[英]content from multiple txt files into single excel file using python
If I have for example 3 txt files that looks as follows:例如,如果我有 3 个如下所示的 txt 文件:
file1.txt:文件 1.txt:
a 10
b 20
c 30
file2.txt:文件2.txt:
d 40
e 50
f 60
file3.txt:文件 3.txt:
g 70
h 80
i 90
I would like to read this data from the files and create a single excel file that will look like this:我想从文件中读取这些数据并创建一个如下所示的 Excel 文件:
Specifically in my case I have 100+ txt files that I read using glob and loop.特别是在我的情况下,我使用 glob 和循环读取了 100 多个 txt 文件。
Thank you谢谢
There's a bit of logic involved into getting the output you need.获得所需的输出涉及一些逻辑。

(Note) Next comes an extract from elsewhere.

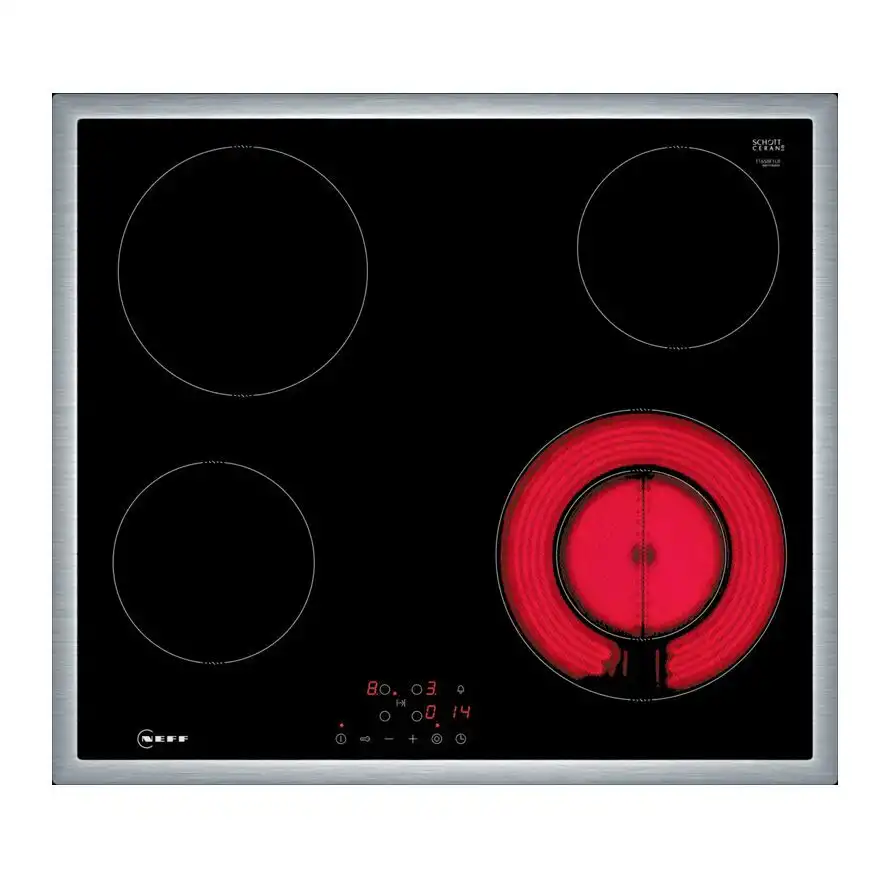 Οι κεραμικές εστίες είναι κομψές, αποτελεσματικές και πιο οικονομικές, σε σχέση με τις επαγωγικές. Τα ηλεκτρικά θερμαντικά στοιχεία βρίσκονται κάτω από την μαύρη γυάλινη επιφάνεια, όπως επίσης και τα κουμπιά αφής. Οι κεραμικές εστίες τοποθετούνται στο ίδιο επίπεδο με τον πάγκο και είναι σχετικά εύκολο να εγκατασταθούν.
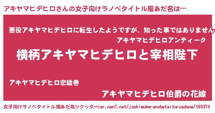 | 男性向けラノベタイトル風あだ名 | 『アキヤマヒデヒロに滅ぼされるだけの簡単なお仕事です』 |

First, to process the input files into separate lists.首先,将输入文件处理成单独的列表。 You might need to adjust this logic depending on the actual contents of the files.您可能需要根据文件的实际内容调整此逻辑。 You need to be able to get the columns for the files.您需要能够获取文件的列。 For the samples provided my logic works.对于提供的示例,我的逻辑有效。
I added a safety check to see if the input files have the same number of rows.我添加了一个安全检查以查看输入文件是否具有相同的行数。 If they don't it will seriously mess up the resulting excel file.如果他们不这样做,它会严重弄乱生成的 excel 文件。 You'll need to add some logic if a length mismatch happens.如果发生长度不匹配,您需要添加一些逻辑。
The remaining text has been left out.